Glitch by Opus Electro


----------



## Royce (4/7/17)

Sickboy77 - blackout .
Very addictive can't wait til the launch...


----------



## Andre (5/7/17)

Neck and neck at the top!

Reactions: Like 1


----------



## Waltervh (6/7/17)

Peppermint Fruit Candy from Viking's Vape


----------



## Silver (6/7/17)

Waltervh said:


> Peppermint Fruit Candy from Viking's Vape



Hi @Waltervh 
These are the voting threads
Nomination for juices has been completed already. It ran for about a month.
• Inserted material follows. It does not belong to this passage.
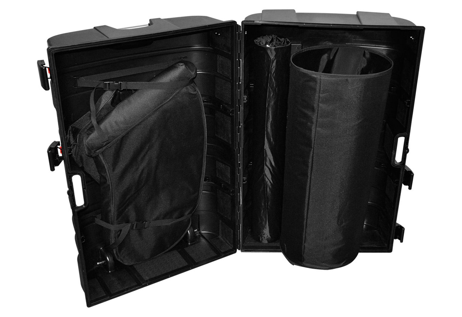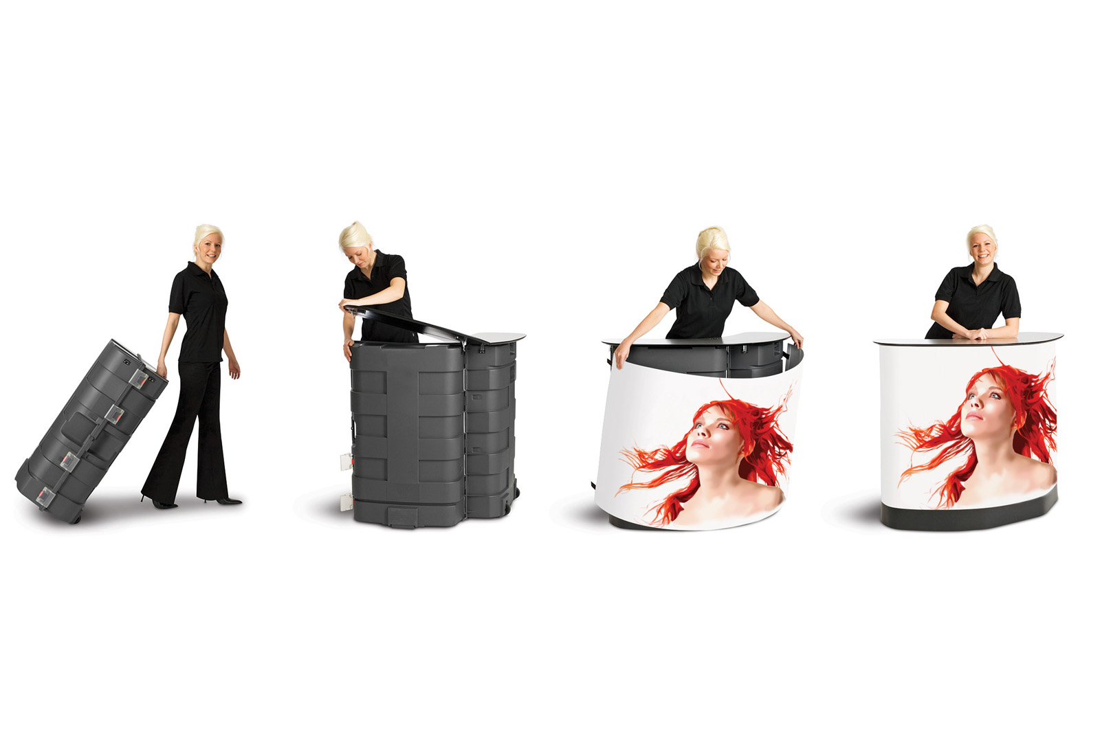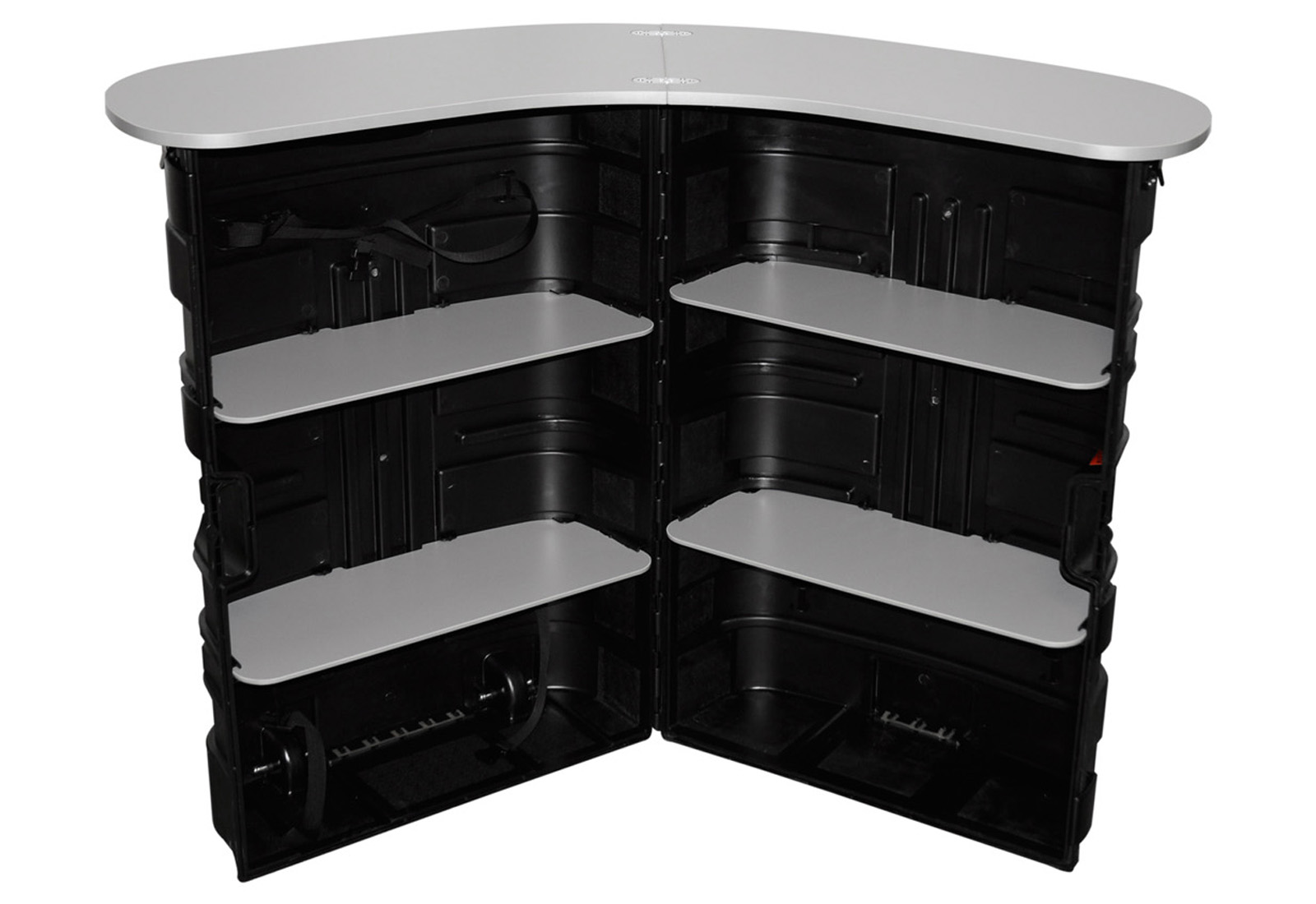 The new, cost-effective counter case is a rollable transport case and counter in one. The opening of the transport box creates a spacious bar. The front of the counter is available for your advertising graphic. This is simply pulled around the box and fixed with Velcro fasteners. The package comes as standard with a silver counter cover plate and a shelf insert set for the back of the counter. The graphic train and the shelves also find safe place in the closed box during transport. The counter is ideal for use at trade shows and events where there is not enough storage space available.
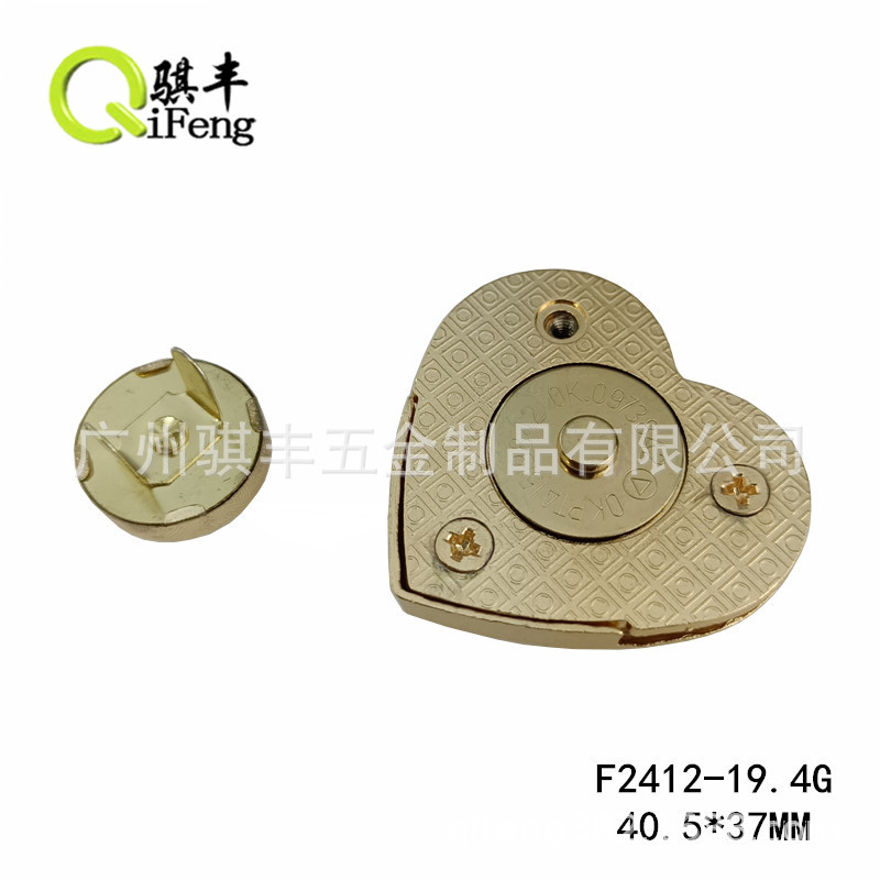 Qifeng tas bagasi perangkat keras wanita, aksesori perangkat keras kunci magnetik bentuk hati gesper magnetik kotak kunci dekoratif

We now in the voting stage, so feel free to vote for one of the juices at the top using a normal browser


----------



## Zakes169 (6/7/17)

* SNLV 18 by Joose E-liqz *


----------



## Waltervh (7/7/17)

Silver said:


> Hi @Waltervh
> These are the voting threads
> Nomination for juices has been completed already. It ran for about a month.
> 
> We now in the voting stage, so feel free to vote for one of the juices at the top using a normal browser



Sorry Silver, must have missed it

Reactions: Like 1


----------



## Strontium (7/7/17)

Mark Beetge said:


> It's lunching on the 15th at H2vape Durban. It's mind blowing. Will also be available at vape con H2vape stand.


*launching
No launch for the Boksburg H2vape store?


----------



## Tvapes08 (10/7/17)

Bradford vapes litchi

Reactions: Thanks 1


----------



## Andre (16/7/17)

Poll closes tomorrow, 17 July 2017, at 10:33. Last chance.

Reactions: Like 1


----------